Sleep Difficulties

Definition of Sleep Difficulties:

Sleep problems are common in children with between 25–40% of youth experiencing sleep difficulties such as sleep anxiety, insomnia, frequent waking, delayed circadian rhythm, or night terrors at some point during childhood or adolescence. More than a third of American adults are not getting enough sleep on a regular basis, according to a new study in the Centers for Disease Control and Prevention’s (CDC) Morbidity and Mortality Weekly Report (2016). 

Untreated sleep problems can lead to excessive daytime sleepiness, hyperactivity/behavioral problems, moodiness/irritability, as well as concentration/attention difficulties and in turn often affect functioning across a variety of domains including academic, occupational, behavioral, and social.  Sleep disruption often co-occurs with anxiety and depression. Common problems also include difficulty falling asleep, waking up at night, or waking up early. Over time, many also develop sleep-related anxiety.

Sleep related symptoms include:

  • Nighttime fears
  • Bedtime refusal
  • Difficulty falling asleep alone
  • Difficulty sleeping through the night
  • Nightmares
  • Poor sleep habits
  • Sleep terrors
  • Excessive bedtime routines

Sleep disruption treatment:

Cognitive-behavioral therapy (CBT) has been shown to be the most effective non-medical treatment for insomnia in several studies. CBT is an effective, evidence-based treatment for sleep difficulties. Treatment includes assessment of sleep behaviors and related history, monitoring of sleep habits, alteration of sleep habits and environmental interference, implementation of an individually tailored sleep schedule based on current sleep patterns, and addressing disruptive beliefs about sleep.

Cognitive interventions help individuals learn strategies to recognize, modify or eliminate unhelpful/negative thoughts or worries that interfere with their ability to sleep. Behavioral interventions also can include graduated extinction, parent education, and positive bedtime routines.

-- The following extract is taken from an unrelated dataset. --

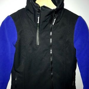 Black with a gorgeous bright Blue Sleeve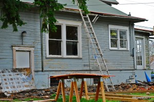 It has been a while since I posted something about Mike’s house in NE Portland. Since the last posting he has punched out some dormers upstairs, painted ( probably primer) the outside and removed the old front & back porches. I haven’t been inside the house, but my guess is that it is mostly gutted. The dormers are a good way to increase usable square footage and not really add much to the cost of renovating.

Cognitive Behavior Therapy-Insomnia (CBT-I) is an effective treatment program that has been proven to alleviate sleeping problems. This treatment program is often recommended to insomnia patients as the first line of therapy. CBT-I controls and eliminates worries and thoughts that always keep you awake. It also includes stimulus control techniques, which helps associate that the bed is used for sleep and intimacy only. If you cannot get sleep within the first twenty minutes of getting to bed, you might need to leave the bedroom and return when you are tired again. Another CBT-I technique called sleeping restrictions recommends that you do not lie in bed when you are awake. The habit of lying in bed without sleeping can lead one to be conditioned to experience inadequate sleep. Sleep restriction reduces the time spent in bed, which in turn causes partial sleep deprivation which can make you more tired and ready for a deep nights sleep.